Homeless veteran populations are estimated through the annual Point in Time Count, usually taken in January by local social service agencies and overseen by the U.S. Department of Housing and Urban Development. There were 57 veterans recorded among the hundreds of homeless counted during the latest count last year, which covered Rockland, Westchester, Dutchess and Orange counties.
After serving their country, many veterans return home to face a new struggle: with depression, addiction and post-traumatic stress disorder. RH4H has provided homes for vets ranging from their 20s to their 70s – having fought in recent wars in Iraq and Afghanistan, as well as those who fought in Vietnam.
Many cope with life-changing injuries, including amputations and traumatic brain injury.
Of the 20 million military veterans living in the United States, more than 37,000 of them will be homeless on any given day, including 22,740 in sheltered settings and 14,345 in places not meant for human habitation, according to RH4H.
Nearly $400,000 in funding was raised through local contributions, he said.
“This is the last part of the project because we want to give the site a suburban feel,” Murphy added. “We don’t want the site to have an institutionalized feeling to it.”
RH4H was founded after the federal government relinquished Camp Shanks, the world’s largest WWII port of embarkation/staging Area. Created in 1943, more than 1.3 million GIs from all over the USA passed through Shanks to be processed to cross the Atlantic Ocean to fight the Nazi army from D-Day on the Normandy beaches of France to D-Day in Berlin.

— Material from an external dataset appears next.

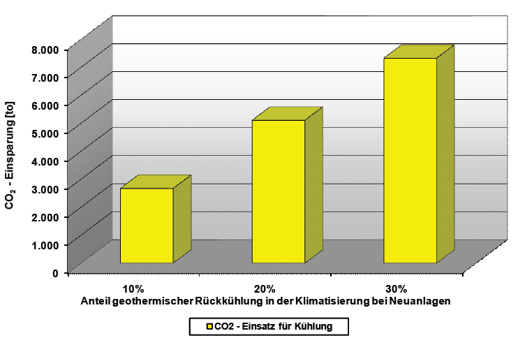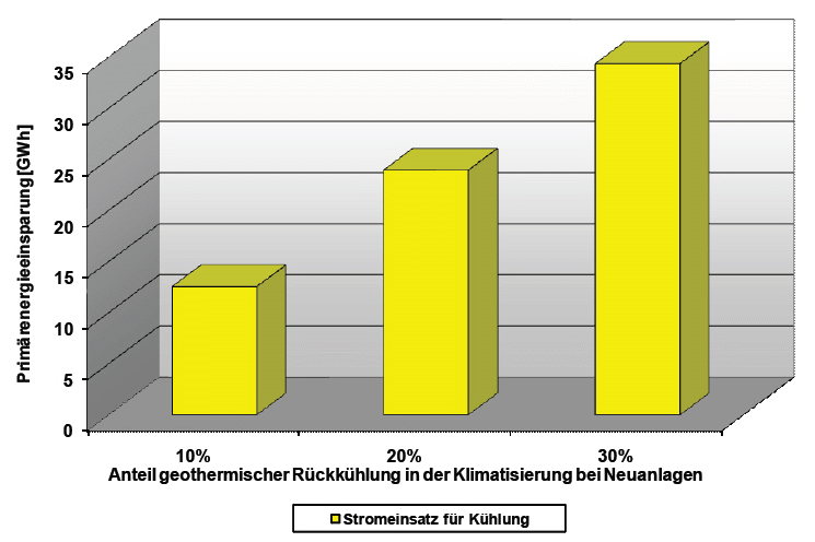 Wenn 30 % der neu installierten Systeme mit geothermischer Rückkühlung ausgestattet werden, beträgt die Energieeinsparung ca. 34 GWhPrimär Strom oder 13 %.

The property has had many iterations since closing in 1946, including 300 homes for Rockland veterans through 1956. During the Cold War, a part of the campus was used for the NIKE Missile Program. In 2009, the Federal Government declared the l14-acre surplus and made it available to a charity that would serve the homeless or be used for medical purposes or for an animal shelter.
Murphy, a former Marine Corps veteran and Rockland County Legislator, is also the founder of Loeb House, a nonprofit that provides community housing for the mentally ill population. RH4H is managed by a seven-member volunteer Board of Directors, which includes five veterans.